**EXERCISE DESCRIPTION**. Each line below should be repeated exactly as written, with no pictures carried over.

**INPUT DATA**.
__________________________________________________

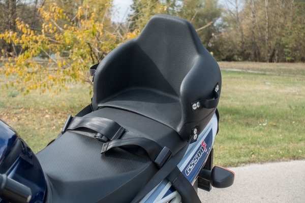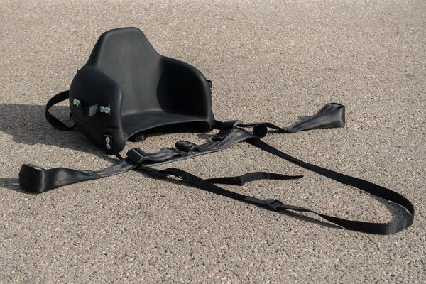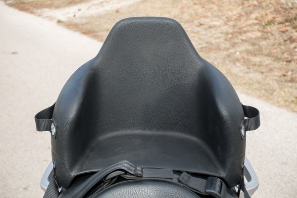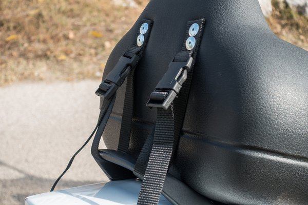 A lábtartó ugyanolyan sűrű szövésű, kemény szövetből van, mint az autók biztonsági öve. A pántok kisebbek és vékonyabbak, ennek ellenére legalább olyan masszívnak érződnek és semmi rugalmasságuk nincs. Maga az ülés egy puha, rugalmas műanyagból van, aminek az alját pont annyira ívelték meg, hogy minden ülésre tökéletesen ráüljön. A háttámla elég egyenes, és amikor a GS500-ra tettük fel, furcsán előre dőlt, ami eleinte nekem furcsa volt. Láttam benne ülni az öcsémet, de csak a Malagutin, ahol teljesen egyenes háttal ült, és nem panaszkodott, hogy kényelmetlen lenne.
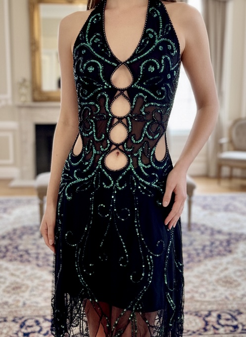 Stunning short dress on Power mesh fabric a little sexy a lot of classy. Hand beaded handkerchief hem great for any evening out! Size small
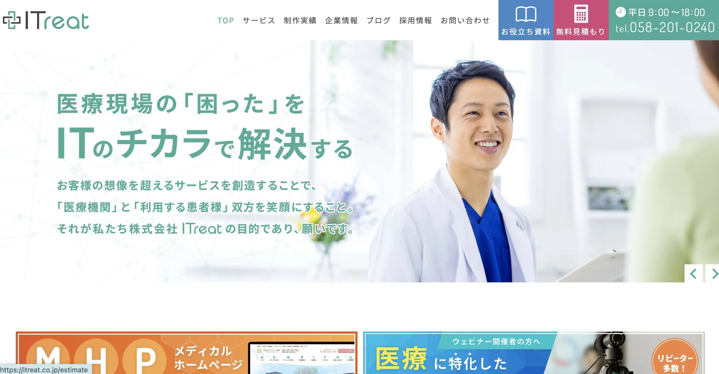株式会社ITreatでは、病院・クリニックを中心にホームページ制作を行っております。
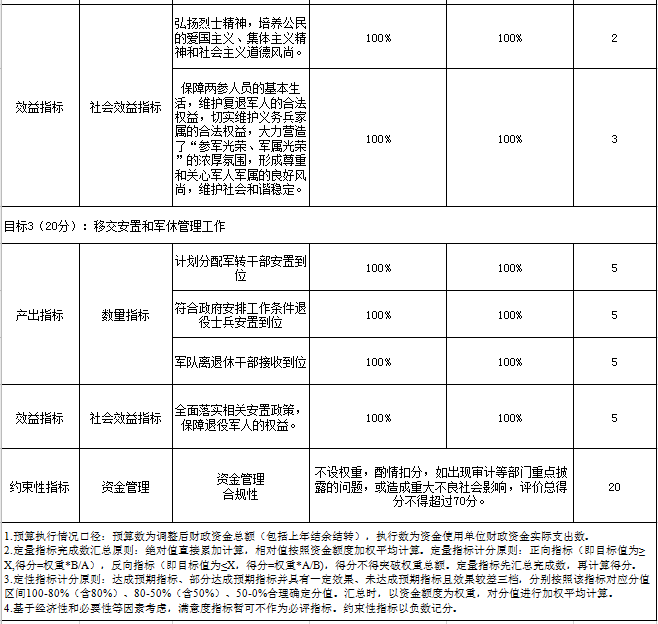根據預算績效管理要求,市退役軍人事務局認真組織開展績效評價。共涉及項目8個,占一般公共預算項目支出總額的100%。從評價情況來看,年度總體目標基本完成,項目總體達到了預期績效,退役軍人事務工作服務效率有效提升,較好地完成了全年工作。 ? ? ?? ? ? ? ? ? ? ? ? ? ? ? ? ? ? ? ? ? ? ?

__________________________________________________

**PROBLEM SOLUTION**.
 A lábtartó ugyanolyan sűrű szövésű, kemény szövetből van, mint az autók biztonsági öve. A pántok kisebbek és vékonyabbak, ennek ellenére legalább olyan masszívnak érződnek és semmi rugalmasságuk nincs. Maga az ülés egy puha, rugalmas műanyagból van, aminek az alját pont annyira ívelték meg, hogy minden ülésre tökéletesen ráüljön. A háttámla elég egyenes, és amikor a GS500-ra tettük fel, furcsán előre dőlt, ami eleinte nekem furcsa volt. Láttam benne ülni az öcsémet, de csak a Malagutin, ahol teljesen egyenes háttal ült, és nem panaszkodott, hogy kényelmetlen lenne.
 Stunning short dress on Power mesh fabric a little sexy a lot of classy. Hand beaded handkerchief hem great for any evening out! Size small
株式会社ITreatでは、病院・クリニックを中心にホームページ制作を行っております。
根據預算績效管理要求,市退役軍人事務局認真組織開展績效評價。共涉及項目8個,占一般公共預算項目支出總額的100%。從評價情況來看,年度總體目標基本完成,項目總體達到了預期績效,退役軍人事務工作服務效率有效提升,較好地完成了全年工作。 ? ? ?? ? ? ? ? ? ? ? ? ? ? ? ? ? ? ? ? ? ? ?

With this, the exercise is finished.